__Work instructions__:
All of the data that follows should be given again exactly, without its images.

__Data section__:

#####

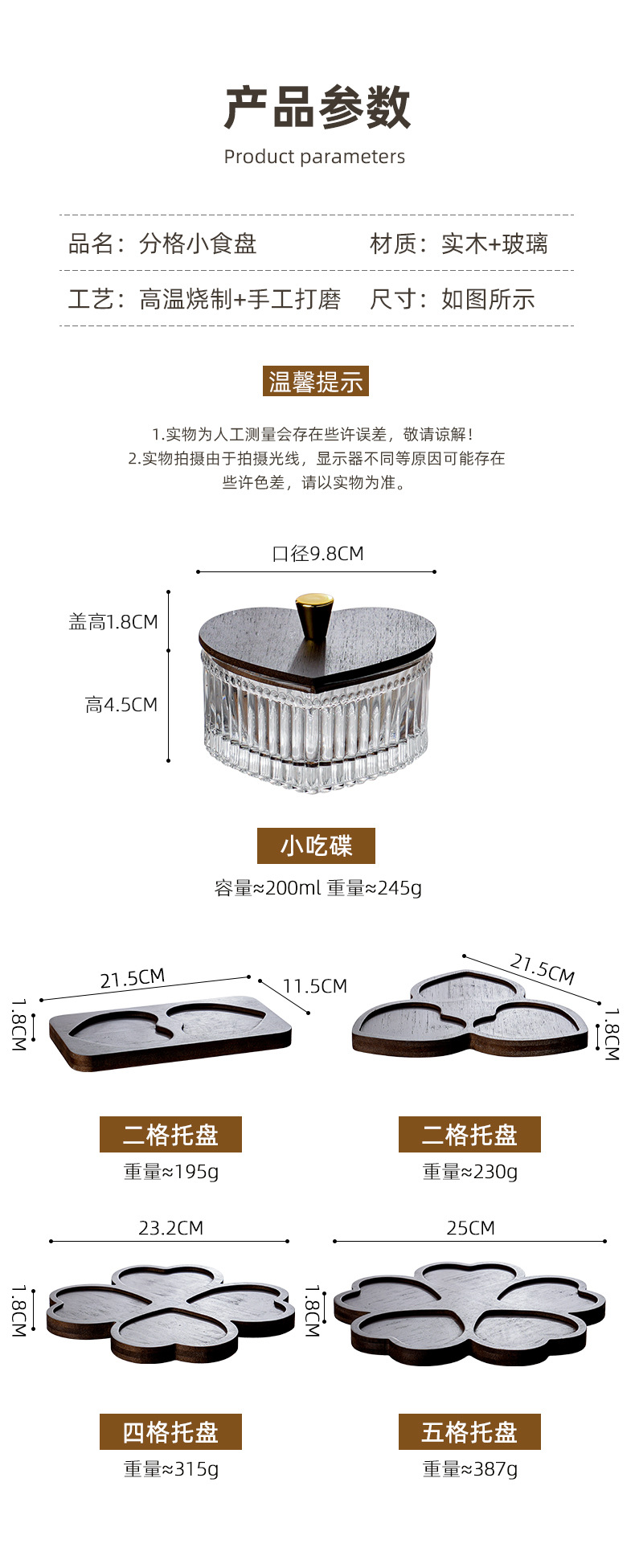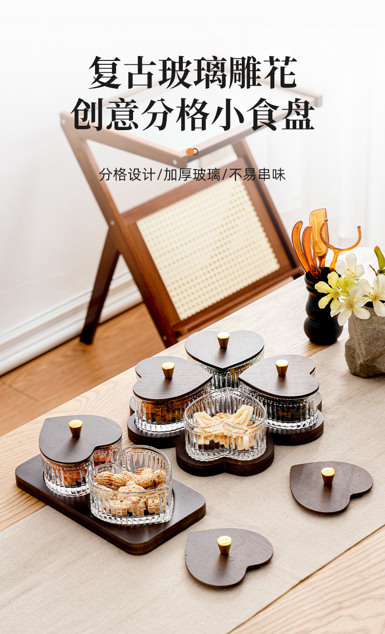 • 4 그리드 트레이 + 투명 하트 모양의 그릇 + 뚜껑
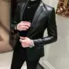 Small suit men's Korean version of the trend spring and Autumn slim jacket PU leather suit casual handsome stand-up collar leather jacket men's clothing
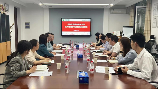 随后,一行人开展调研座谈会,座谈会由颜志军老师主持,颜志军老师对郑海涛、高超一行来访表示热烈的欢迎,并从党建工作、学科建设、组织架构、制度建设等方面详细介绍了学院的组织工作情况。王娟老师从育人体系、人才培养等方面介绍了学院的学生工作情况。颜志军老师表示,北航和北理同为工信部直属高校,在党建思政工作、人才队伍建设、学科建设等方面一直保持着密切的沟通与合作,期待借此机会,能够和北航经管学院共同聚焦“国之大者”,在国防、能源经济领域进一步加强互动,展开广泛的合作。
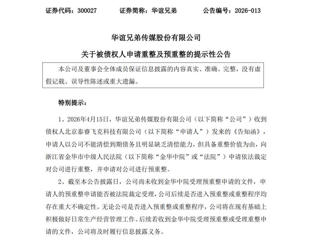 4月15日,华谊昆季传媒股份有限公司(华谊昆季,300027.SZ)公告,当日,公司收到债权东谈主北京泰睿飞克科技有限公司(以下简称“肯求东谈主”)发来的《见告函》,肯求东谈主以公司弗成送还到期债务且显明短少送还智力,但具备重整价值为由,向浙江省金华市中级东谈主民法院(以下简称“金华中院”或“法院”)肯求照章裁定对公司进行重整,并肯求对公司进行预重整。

#####

__Solution for this problem__:
 • 4 그리드 트레이 + 투명 하트 모양의 그릇 + 뚜껑
 Small suit men's Korean version of the trend spring and Autumn slim jacket PU leather suit casual handsome stand-up collar leather jacket men's clothing
 随后,一行人开展调研座谈会,座谈会由颜志军老师主持,颜志军老师对郑海涛、高超一行来访表示热烈的欢迎,并从党建工作、学科建设、组织架构、制度建设等方面详细介绍了学院的组织工作情况。王娟老师从育人体系、人才培养等方面介绍了学院的学生工作情况。颜志军老师表示,北航和北理同为工信部直属高校,在党建思政工作、人才队伍建设、学科建设等方面一直保持着密切的沟通与合作,期待借此机会,能够和北航经管学院共同聚焦“国之大者”,在国防、能源经济领域进一步加强互动,展开广泛的合作。
 4月15日,华谊昆季传媒股份有限公司(华谊昆季,300027.SZ)公告,当日,公司收到债权东谈主北京泰睿飞克科技有限公司(以下简称“肯求东谈主”)发来的《见告函》,肯求东谈主以公司弗成送还到期债务且显明短少送还智力,但具备重整价值为由,向浙江省金华市中级东谈主民法院(以下简称“金华中院”或“法院”)肯求照章裁定对公司进行重整,并肯求对公司进行预重整。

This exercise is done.